The relative mean tissue viability for the positive control treated tissues was 6.8% relative to the negative control treated tissues and the standard deviation value of the viability was 1.3%. The positive control acceptance criteria were therefore satisfied. The mean OD562 for the negative control treated tissues was 1.170 and the standard deviation value of the viability was 0.7%. The negative control acceptance criteria were therefore satisfied. The standard deviation calculated from individual tissue viabilities of the three identically test item treated tissues was 6.2%. The test item acceptance criterion was therefore satisfied.

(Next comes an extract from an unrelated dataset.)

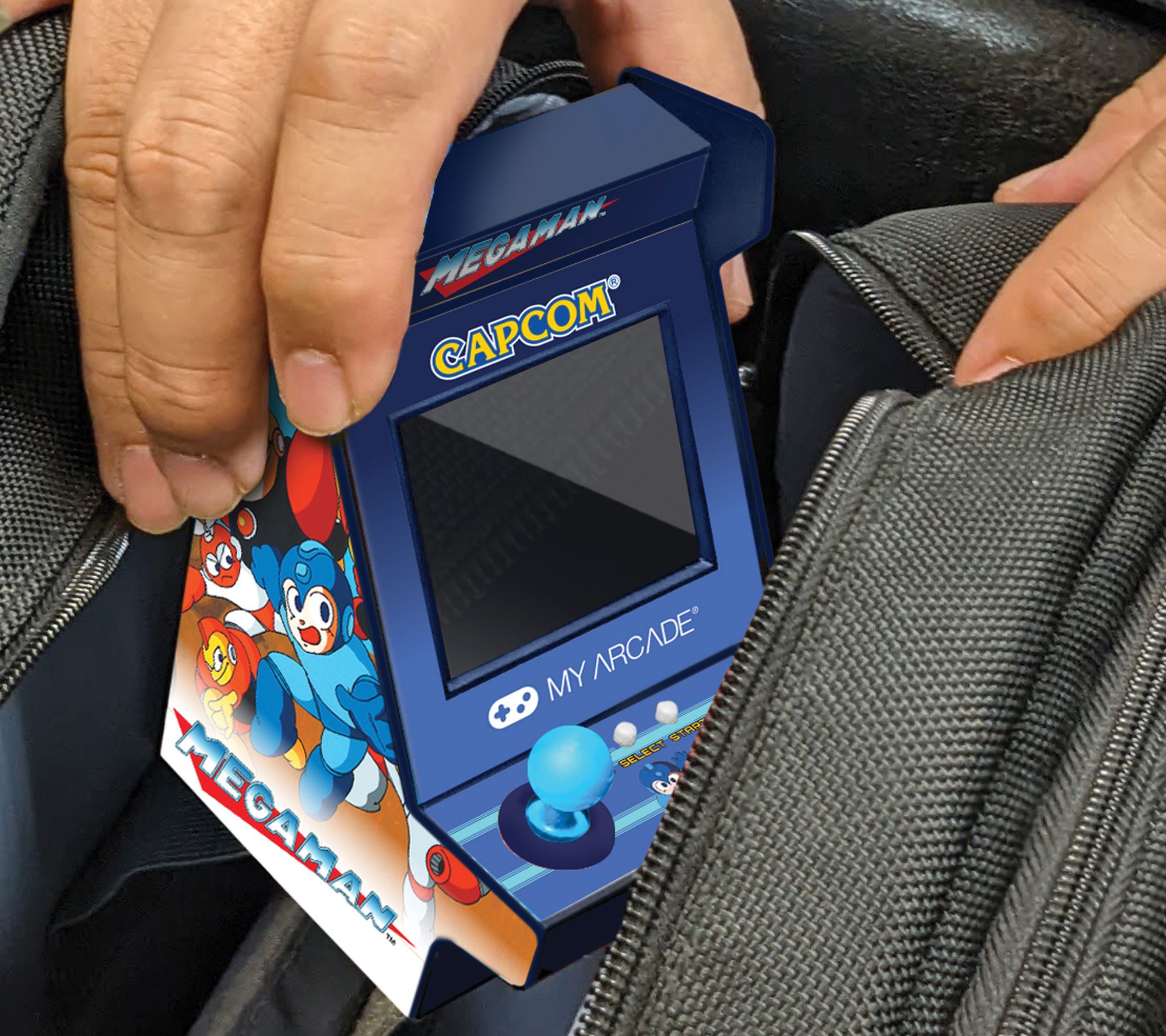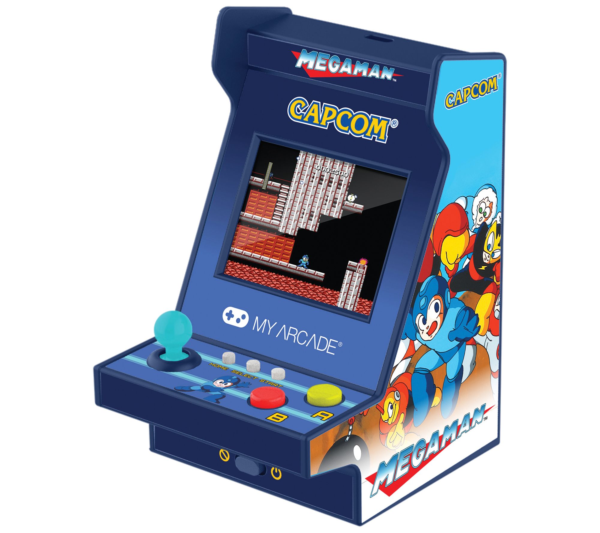 The Mega Man Nano Player Pro Portable Retro Arcade is the ideal addition to any game room, office, or display case! This mini arcade cabinet is great for on-the-go gaming or displaying on your desk. With six officially licensed titles, including Mega Man, Mega Man 2, Mega Man 3, Mega Man 4, Mega Man 5, and Mega Man 6, you'll be able to relive the classic adventures of the Blue Bomber wherever you go. From My Arcade.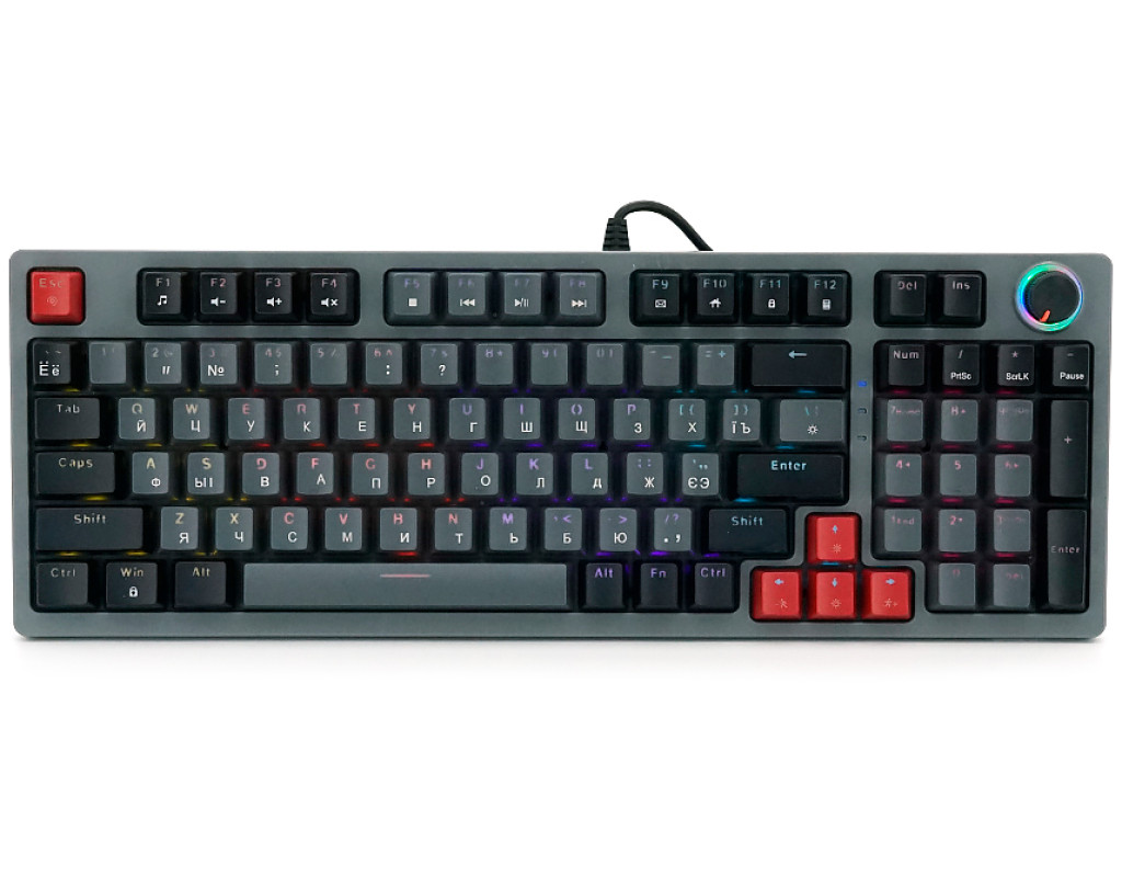 Клавіатура механічна USB JEDEL KL-114, довжина кабелю 170см, RGB підсвічування, (Eng / Укр / Рус), (405х160х45 мм), Black / Gray, 98к, Q10

Applicant's summary and conclusion

Interpretation of results:

GHS criteria not met

Conclusions:

The test item was classified as non-irritant. The following classification criteria apply:
EU CLP Not classified for skin irritation.

Executive summary:

The purpose of this test was to evaluate the skin irritation potential of the test item using the EPISKIN^TMreconstructed human epidermis model after a treatment period of 15 minutes followed by a post‑exposure incubation period of 42 hours. The principle of the assay was based on the measurement of cytotoxicity in reconstructed human epidermal cultures following topical exposure to the test item by means of the colorimetric MTT reduction assay. Cell viability is measured by enzymatic reduction of the yellow MTT tetrazolium salt (3‑[4,5-dimethylthiazol-2-yl]-2,5-diphenyl-tetrazolium bromide) to a blue formazan salt (within the mitochondria of viable cells) in the test item treated tissues relative to the negative controls. Triplicate tissues were treated with the test item for an exposure period of 15 minutes. The test item was found to directly reduce MTT and therefore additional non-viable tissues were incorporated into the testing for correction purposes. At the end of the exposure period each tissue was rinsed before incubating for 42 hours. At the end of the post‑exposure incubation period each tissue was taken for MTT-loading. The maintenance medium from beneath each tissue was transferred to pre‑labeled micro tubes and stored in a freezer for possible inflammatory mediator determination. After MTT-loading a total biopsy of each epidermis was made and placed into micro tubes containing acidified isopropanol for extraction of formazan crystals out of the MTT‑loaded tissues. At the end of the formazan extraction period each tube was mixed thoroughly and duplicate 200 µL samples were transferred to the appropriate wells of a pre‑labeled 96‑well plate. The optical density was measured at 562 nm. Data are presented in the form of percentage viability (MTT reduction in the test item treated tissues relative to negative control tissues). The relative mean viability of the test item treated tissues was 94.2% after the 15‑Minute exposure period and 42‑Hours post‑exposure incubation period. The quality criteria required for acceptance of results in the test were satisfied. The test item was classified as non-irritant. The following classification criteria apply: EU CLP Not classified for Irritation.